In September 1880 the Salvation Army arrived in the Hampshire town of Basingstoke proclaiming an anti-drink crusade that would “open fire on Sin and Satan.” Though their presence was welcomed by some Dissenting churches, pub-owners and brewers (major employers in the town) saw the Salvationists as a threat to their livelihood and many of their customers perceived a threat to their main source of enjoyment. Within a month sporadic acts of violence had been directed at those preaching teetotalism. In March of 1881 organized opposition appeared in the form of the “Massagainians”, sponsored by local brewers who gathered in mobs to confront Salvation Army marches. The hooligans greatly outnumbered the Salvationists and the police who had to call in reinforcements.
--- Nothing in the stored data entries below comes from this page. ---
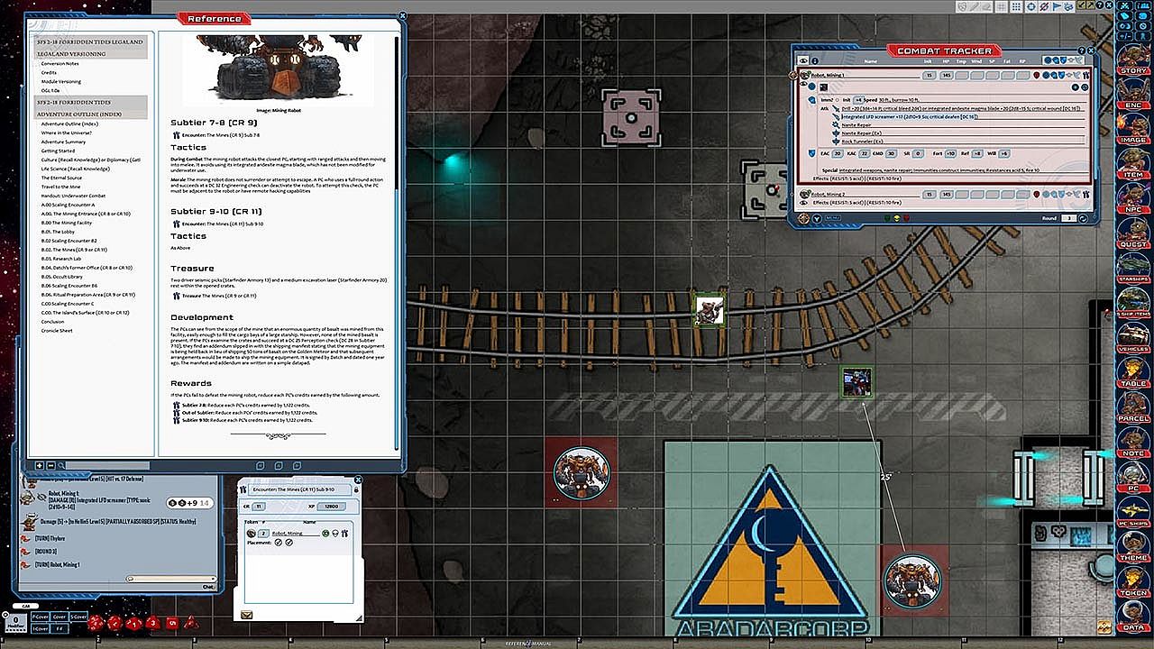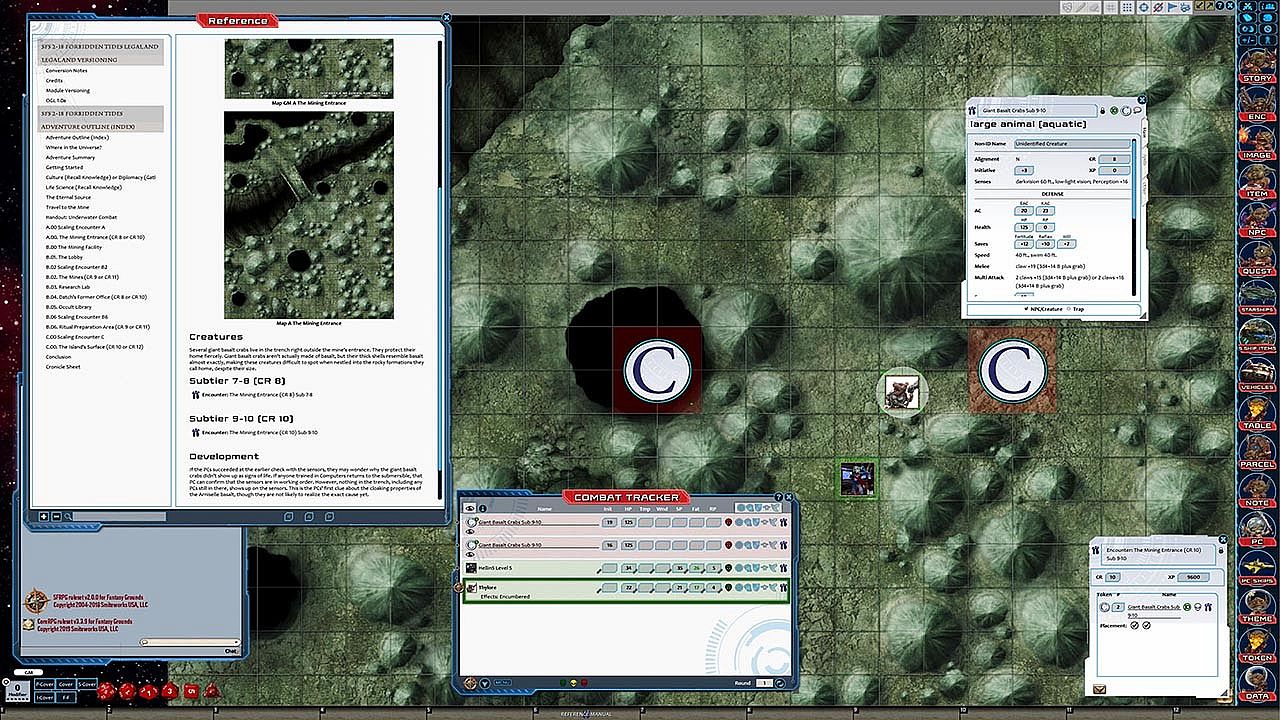 • Tokens for each encounter are all pre-placed in starting locations on the map. You can edit these on the fly.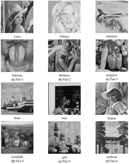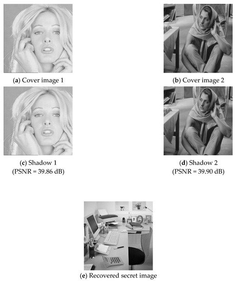 Now, we apply the embedding results in the previous subsection and as examples. For the first shadow pixel pair, the secret digit can be retrieved by directly calculating Equation (27), i.e., . For the second pixel pair, the pixels should be swapped according to Equation (26), i.e., . Then, calculate Equation (27),, i.e., . Both secret digits coincided with the embedded ones.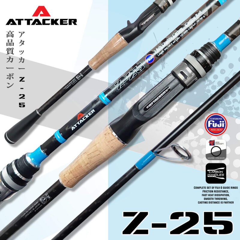 คันเบ็ดตกปลา คันตีเหยื่อปลอม ATTACKER รุ่น Z-25 คันตีเหยื่อปลอมใหม่สุดเทห์จาก ATTACKER ด้วยแบลงค์ลาย X-CROSS ที่มาพร้อมกับ Reel seat และ GUIDE FUJI ทั้งชุด ใช้งานได้อย่างมั่นใจ ขลิปสีฟ้าตัดแบลงค์สีดำทำให้คันดูโดดเด่นยิ่งขึ้น อีกทั้งยังเพิ่มความหรูหราด้วยด้ามจับไม้ก๊อก สามารถใช้ตกได้ตั้งแต่ งานตีเหยื่อปลอม ช่อน ชะโด ปลากราย ตลอดจนไปถึงการตกปลาทะเลก็ได้ ตัวคันลายผ้าแบบต่อกลาง ด้ามจับถนัดมือยิ่งขึ้น อีกทั้งส่วนปลาย Puddle ด้านท้ายรองด้วยยางเพื่อการใช้งานได้หลากหลาย เป็นคันเบ็ดตกปลาที่สายเหยื่อปลอมห้ามพลาดด้วยประการทั้งปวง!!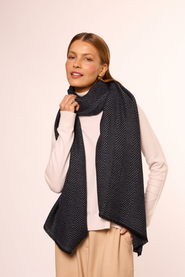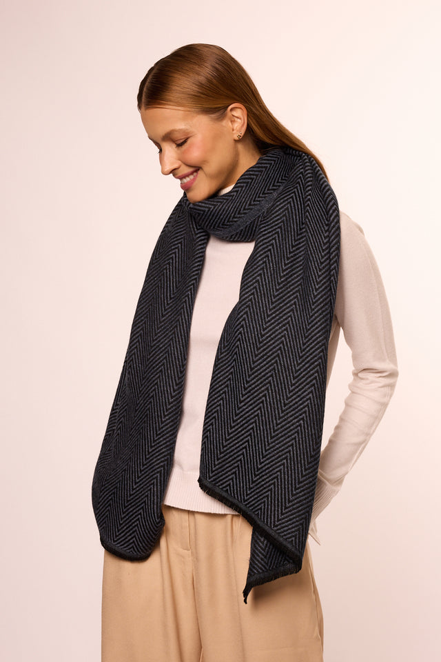 O Cashmere Espinha de Peixe Scarf Me, é uma peça mais encorpada, a origem do nome vem da trama, pois os fios são costurados em forma de espinha de peixe, trazendo a sofisticação e o charme desde a primeira trama.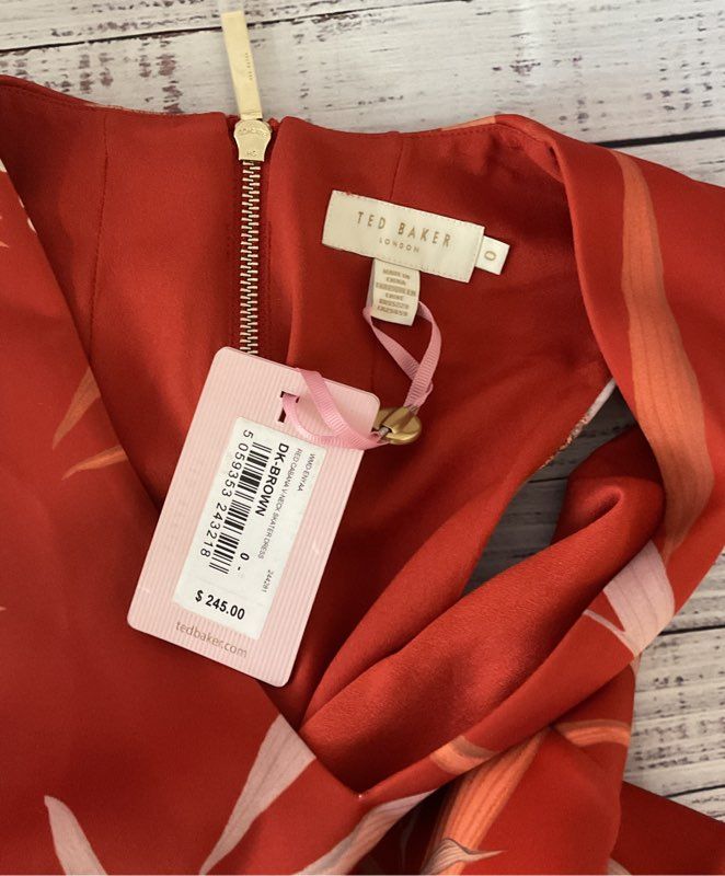 NWT Women's Ted Baker Floral Print Dress Size 0/XS Retail $245

Windows were smashed, a home was burnt, assaults took place and the Riot Act had to be read on a number of occasions. Eventually ten men were sent to jail for their violence but on their release they were treated as heroes by many in Basingstoke:

 They were fetched home in carriages with postillions. They had a band of hundreds of people to welcome them home, with flags flying and strings of flags across Winchester Street. Dinner was held for them in the Corn Exchange and each received a silver watch. The Corn Exchange was crammed full and the noise they kicked up was awful.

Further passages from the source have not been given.